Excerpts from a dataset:
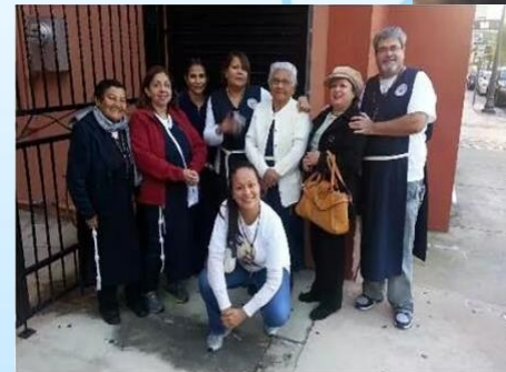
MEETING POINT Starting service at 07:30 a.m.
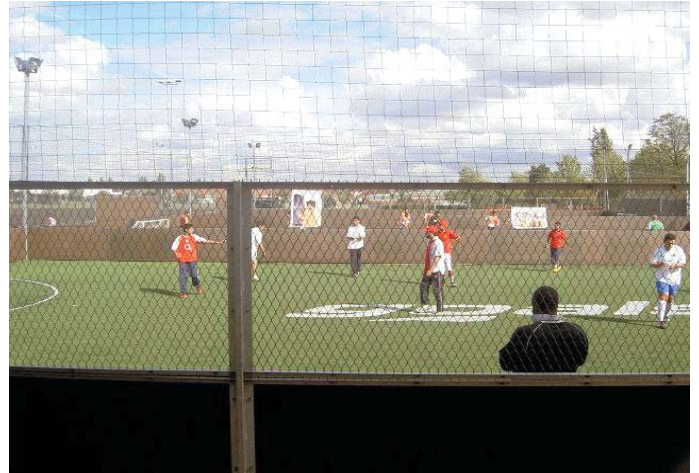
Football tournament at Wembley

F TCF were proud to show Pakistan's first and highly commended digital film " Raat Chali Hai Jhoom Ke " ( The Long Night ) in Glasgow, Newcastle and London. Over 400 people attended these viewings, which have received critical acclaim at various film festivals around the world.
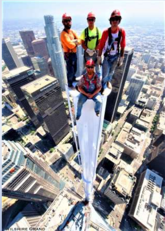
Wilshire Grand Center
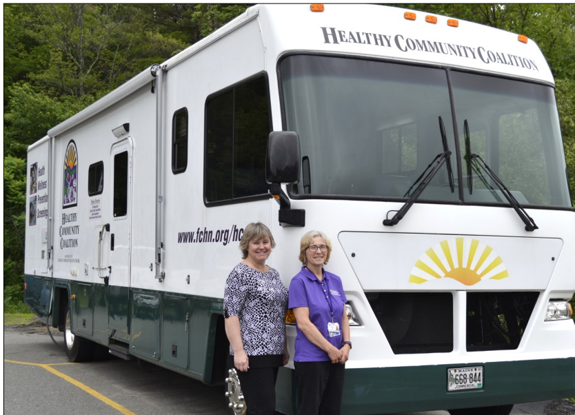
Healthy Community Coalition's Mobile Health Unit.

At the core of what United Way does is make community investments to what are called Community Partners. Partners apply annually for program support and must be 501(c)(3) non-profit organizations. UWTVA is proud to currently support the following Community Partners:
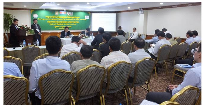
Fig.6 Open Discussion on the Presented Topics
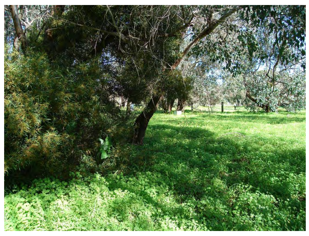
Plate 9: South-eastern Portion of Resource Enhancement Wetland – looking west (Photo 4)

What you need to do: Tell me how many lines of the data hold the word "Community", giving only the number.

Expected answer: 2